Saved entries
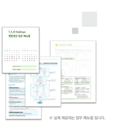 현 시대는 누구나 ‘전문성’을 너무 쉽게 말합니다. 그러나 구체화된 전문성은 수년간의 축적된 실무 경험과 전문지식이 뒷받침될 때 구현할 수 있는 결과입니다. T.A.M Holdings의 자체제작 업무 매뉴얼, 이렇게 다릅니다 ■ 수십만 명의 연말정산 업무를 수행하며 축적된 업무 Know-how ■ 반복된 실무 경험을 기반으로 집필한 구체화된 업무 매뉴얼 ■ 세무지식과 실무경험이 결합된 정교한 전문성 |
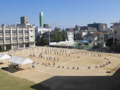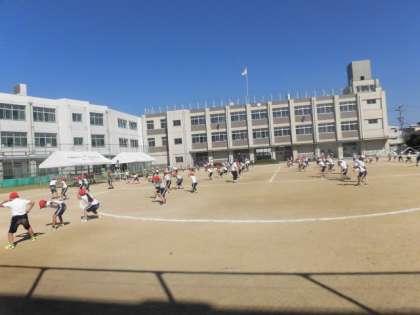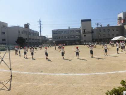 今日は運動場いっぱいを使って、隊形移動の練習をしています。移動をしてからも元気よく演技をしていました!
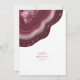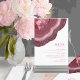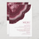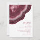 No todos los diseños bodas se crean iguales. Los diseños asimétricos de las piezas en este conjunto impactante de bodas demuestran que eso no es malo. Bandas onduladas de color en tonos de burdeos a rosa suave y gris con un centro de cristal brillante forman un acento geodésico/agato en la mayoría de las piezas del conjunto. La tarjeta "Menú" del boda que se muestra aquí incluye lo anterior más una plantilla para añadir las selecciones de menú boda correspondientes. Al revés también se puede añadir el nombre de la novia y del novio y la fecha del boda. Buscar ID647 para ver todas las piezas de coordinación de este conjunto.
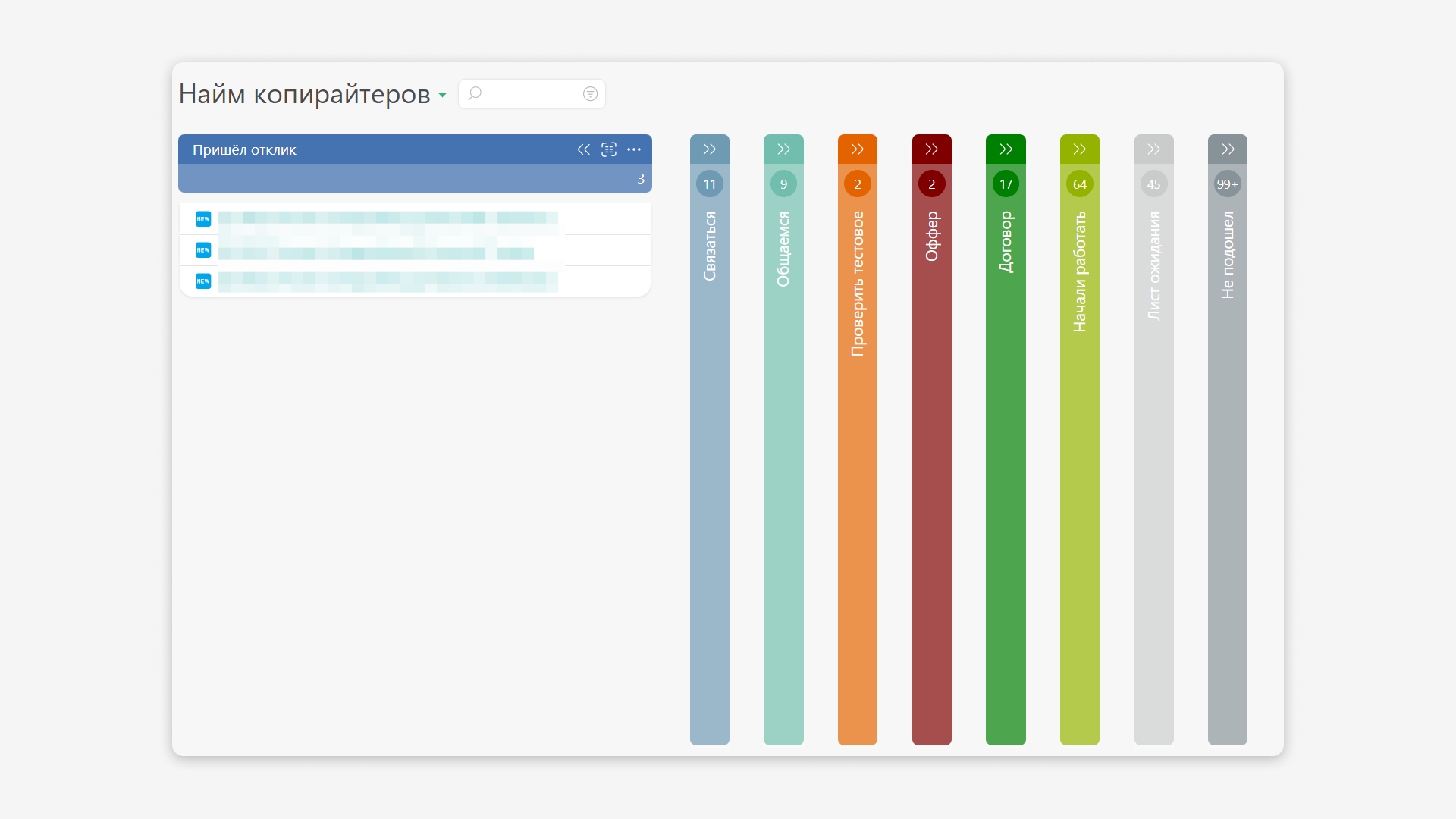 В итоге ни один отклик не теряется, и по каждому есть решение — связаться и предложить тестовое, сразу отказать или отправить в лист ожидания.
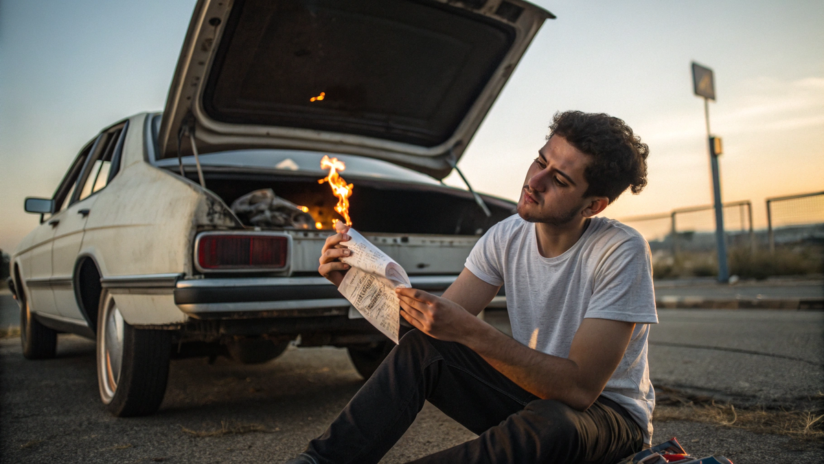 Алексей медленно, аккуратно, разорвал листок пополам. Потом ещё и ещё. Он скатал из обрывков неплотный шарик, достал зажигалку и поджёг край. Бумага вспыхнула, жарко обжигая пальцы. Он держал её, пока огонь не начал лизать кожу, и только тогда бросил тлеющие остатки в лужу у колеса.
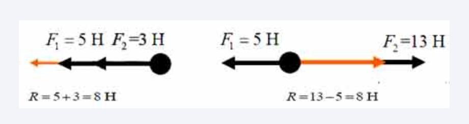 2. силы направлены в разные стороны: 13Н-5Н=8Н
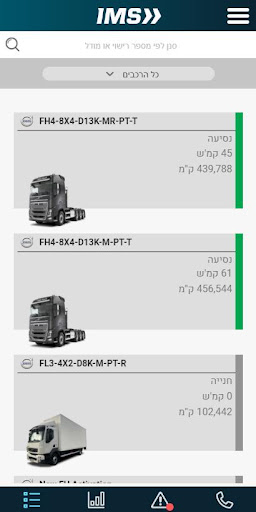 יישום IMS מאפשר גישה למידע היסטורי ומידע בזמן אמת על הרכבים שברשותך המנויים לשירות.

INSTRUCTIONS FOR THE TASK -> Leaving the pictures out, write out every entry exactly.

ANSWER AREA ->
 현 시대는 누구나 ‘전문성’을 너무 쉽게 말합니다. 그러나 구체화된 전문성은 수년간의 축적된 실무 경험과 전문지식이 뒷받침될 때 구현할 수 있는 결과입니다. T.A.M Holdings의 자체제작 업무 매뉴얼, 이렇게 다릅니다 ■ 수십만 명의 연말정산 업무를 수행하며 축적된 업무 Know-how ■ 반복된 실무 경험을 기반으로 집필한 구체화된 업무 매뉴얼 ■ 세무지식과 실무경험이 결합된 정교한 전문성 |
 今日は運動場いっぱいを使って、隊形移動の練習をしています。移動をしてからも元気よく演技をしていました!
 No todos los diseños bodas se crean iguales. Los diseños asimétricos de las piezas en este conjunto impactante de bodas demuestran que eso no es malo. Bandas onduladas de color en tonos de burdeos a rosa suave y gris con un centro de cristal brillante forman un acento geodésico/agato en la mayoría de las piezas del conjunto. La tarjeta "Menú" del boda que se muestra aquí incluye lo anterior más una plantilla para añadir las selecciones de menú boda correspondientes. Al revés también se puede añadir el nombre de la novia y del novio y la fecha del boda. Buscar ID647 para ver todas las piezas de coordinación de este conjunto.
 В итоге ни один отклик не теряется, и по каждому есть решение — связаться и предложить тестовое, сразу отказать или отправить в лист ожидания.
 Алексей медленно, аккуратно, разорвал листок пополам. Потом ещё и ещё. Он скатал из обрывков неплотный шарик, достал зажигалку и поджёг край. Бумага вспыхнула, жарко обжигая пальцы. Он держал её, пока огонь не начал лизать кожу, и только тогда бросил тлеющие остатки в лужу у колеса.
 2. силы направлены в разные стороны: 13Н-5Н=8Н
 יישום IMS מאפשר גישה למידע היסטורי ומידע בזמן אמת על הרכבים שברשותך המנויים לשירות.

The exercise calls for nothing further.